When the Methodist Episcopal Church reprentatives drove a stake in the prairie at a high point where they would establish a seminary, there weren't any houses or settlers, although a few white families had been settling in the area. The village was laid out by the trustees of Rock River Seminary which owned all the land where the town now stands. But it was the local people, mostly recently arrived from Maryland who donated the money and the land, 480 acres, to induce the church to take on this challenge of establishing a school in the middle of nowhere. Alexander Hamilton's son had explored the area and Abraham Lincoln fought the Indians near by, but there wasn't much going on.
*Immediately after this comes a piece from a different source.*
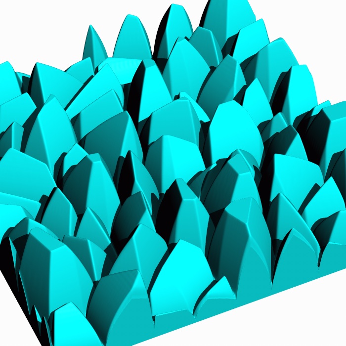 2. Deine Vorlage ist genau so kantig wie das Ergebnis. Da führt die Bryce-interne Smoothingfunktion sehr wahrscheinlich eh nicht zu Deinem erwünschten Ergebnis. Öffne Dein Bild in einem Bildbearbeitungsprogramm und maskiere die dunklen Zwischenstege zwischen den "Kacheln" mit etwa null bis zwei Prozent Toleranz. Dann kehre die Maskierung um und lege Gauss`schen Weichzeichner auf die gesamte maskierte Fläche. Ein Wert von etwa 0,5 Pixeln Toleranz dürfte hier ok sein. Wende die Funktion mehrfach nacheinander an und beobachte wie die Kanten innerhalb der Auswahl nach und nach smoother werden.

The college prospered for awhile, but the Methodists established another college in Evanston (Northwestern) and that sort of ate into the pool of potential students. But it did turn out about 7,500 students, a lot of them clergy, lawyers, politicians, editors and businessmen before it closed in 1878. It was reopened in 1879 by a group of Brethren businessmen as an institution for their young people (now Church of the Brethren), and it became Mount Morris Seminary and Collegiate Institute, and then Mt. Morris College. After a fire in 1931, the college closed in 1932 (there had also been a fire in 1912, but the college rebuilt). My parents were freshmen when it burned; my mother's parents had also met there. In 1994 the town school system merged with Oregon with high schoolers being bussed. In 2004 the elementary school was destroyed by fire, and now the little ones are bussed too. The original high school where I had classes for a year, later became a junior high, and it burned in 1989 (no longer in use as a school).

The current students have all adjusted--probably better than the adults. Just as my generation had no memory of the college except what our parents told us, so there will soon be young people who have no memory of a town school. It does seem odd now to me, an outsider for many years, that the little town created because people cared about education, doesn't have a college, or a high school or an elementary school.

Information from "Mt. Morris Past and Present" by Harry G. Kable, rev. ed., 1938 and photo from "The 1929 Life" of Mt. Morris College.